My new piece debunking right-wing rhetoric about the NLRB’s Boeing complaint is up on Counterpunch and Common Dreams:

During the Bush years, many progressives gave up hope that the government could really make companies pay when they broke the law. Now a big company may have to pay a big price for illegally punishing workers. Last month the National Labor Relations Board, the federal body that enforces labor law, issued a complaint charging that Boeing illegally transferred the production of a line of aircraft out of Washington State. Boeing is accused of transferring the production to punish the workers there for going on strike. Punishing workers for union activity is retaliation, and it’s illegal. If Boeing is found guilty, it could be made to transfer the whole production line back. Naturally, the prospect of the Labor Board seriously enforcing labor law has Republicans freaking out…

Right-wingers are rising to defend Boeing, bash the NLRB, and blame Obama. But rather than debate retaliation against workers, conservatives want to conjure phantom menaces: bureaucrats micro-managing production, Democrats punishing “Right to Work” states, and union bosses paralyzing job creators.

Check it out.

Update (5/29): It’s now up on Talking Union and ZNet too.



  1. Since you claim Boeing is “transferring” these jobs to SC, you can give numbers on current union employees who will lose their jobs due to this transfer? Isn’t it true that Boeing ADDED jobs to the Washington plant? How is opening a new line and keeping all current employees on the job punishing those employees?
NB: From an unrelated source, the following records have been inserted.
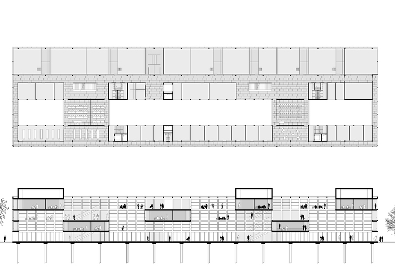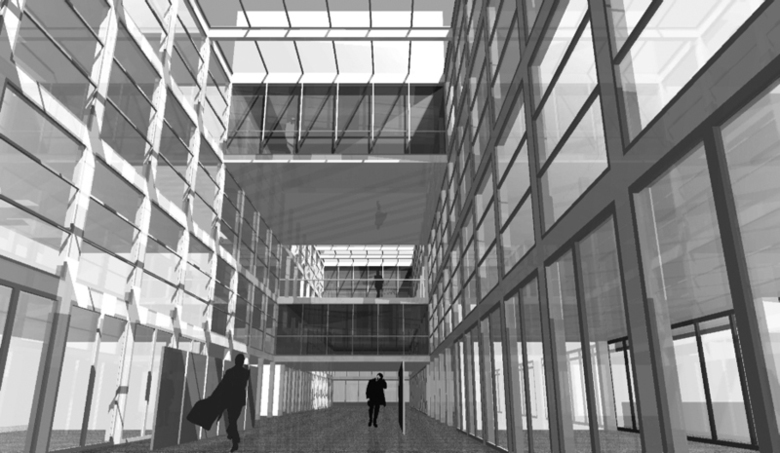 Das Erschliessungssystem ist eine räumliche Vernetzung der komplexen Funktionen und in der Ausformulierung gleichsam eine kleine begehbare Stadt, die mit ihren redundanten und transparenten Wegen eine mehrgleisige Erschliessung darstellt, eine Analogie zu den geistigen Freiheitsgraden, die für einen Hochschulbetrieb die Grundlage bilden. Die Übersichtlichkeit des räumlichen Stadtwegnetzes hilft der Orientierung innerhalb des Gebäudes. In allen Raumschichten und Geschossen ist ein Aussenbezug gewährleistet. Die Transparenz des Gebäudes soll Einsicht in das Arbeiten erlauben und ist darum Bestandteil und Ausdruck vom gegenseitigen Lernen. Sie ist Bühne und Schaufenster zugleich. Die Grenze zwischen Landschaft und Stadtraum wird mittels Transparenz und unterschiedlicher Schichttiefe des Gebäudes verwischt. Indem die Erschliessungswege dreiseitig der Fassade entlang führen, wirkt das Gebäude belebt und aktiv.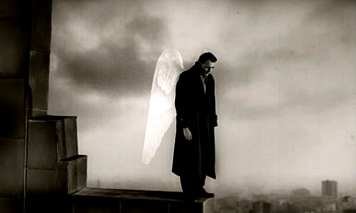 Но, слава богу, в фильмах удалось найти вполне адекватных ангелов – добрых и всепонимающих. Именно такие парят в "Небе над Берлином". Фильм посвящен, в частности, Андрею Тарковскому и показывает ангелов, как существ в длинных плащах – они незримо обитают среди людей, любят собираться в библиотеке или смотреть на город с высоких старинных зданий. Они слушают людские мысли, снимают боль, утешают, возвращают веру в себя. Ангелы видят и чувствуют мир по-особому – черно-белым, чистым, абсолютно духовным, без обычных человеческих ощущений. В ангельском мире ничего не происходит – в нем не живут, а пребывают, фильм тянется сонно и неспешно до определенного момента.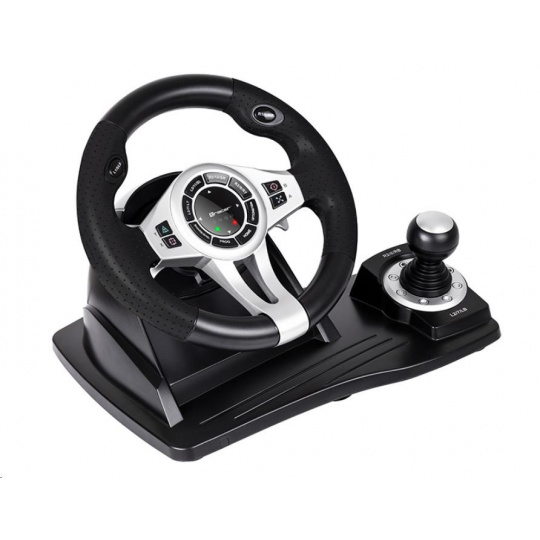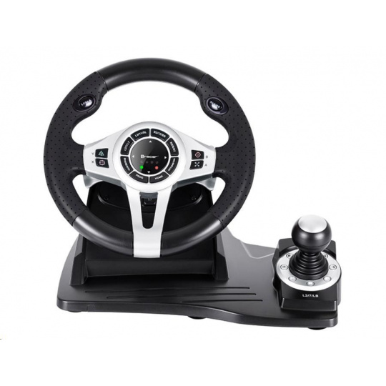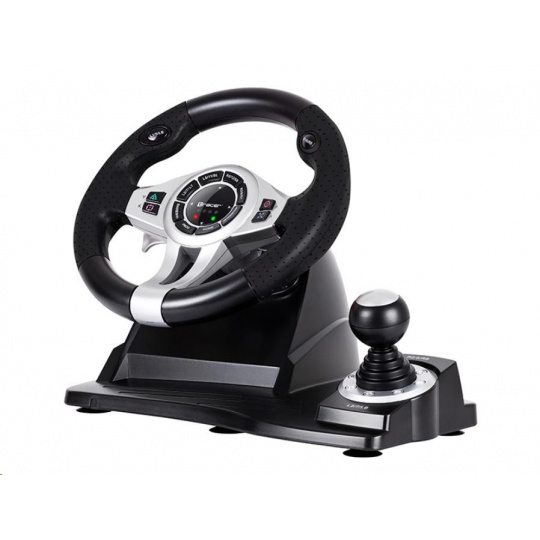 Automobilové preteky sú vaším živlom? Nástupte do preteku s volantom TRACER Roadster a nechajte svojich protivníkov za sebou. Vysoko kvalitné volantom TRACER Roadster je kompatibilné ako s konzolami PS3 / PS4 / Xbox One, tak s PC. Volant pracuje veľmi ticho a plynulo. Prevodovka a samostatný modul s brzdovými a plynovými pedálmi oživí vaše riadiace centrum, čo umožňuje rýchlu reakciu, zrýchlenie aj pohodlné brzdenie a radenie. Vaša jazda bude rovnako dynamická, ako by ste sedeli za volantom skutočného závodného vozidla. Uhol otáčania 270 stupňov vám umožní plne sa dostať do preteku. Zariadenie je možné pripevniť k zemi pomocou prísaviek, čo zaisťuje stabilitu volantu aj pri tých najdivokejších pretekoch. Špičkové materiály herného volantu Roadster z neho robia spoľahlivé a veľmi odolné zariadenie. Tlačidlá zodpovedné za manévre a 8-pásmový analógový D-pad boli zabudované do volantu, aby umožňovali rýchly a pohodlný prístup. Užívajte si realistický herný zážitok a pohodlie pretekárskeho kola. Volant potiahnutý perforovanou gumou zabraňuje pohybu zariadenia v rukách, keď sa rútime dráhou. Štyri LED indikátory na volante pomáhajú udržať kontrolu nad zrýchlením, bez toho aby ste museli spúšťať oči zo stopy.

  2. Boeing is sending jobs expected to be created in Washington to South Carolina instead. Investing further in a different location rather than the Puget Sound one reduces job opportunities and job security for the Puget Sound workers. Doing it while saying it’s not because of wages but because of the strikes in Puget Sound sends a message they’re being punished. Check out the newspaper quotes from management in the articles cited in the complaint.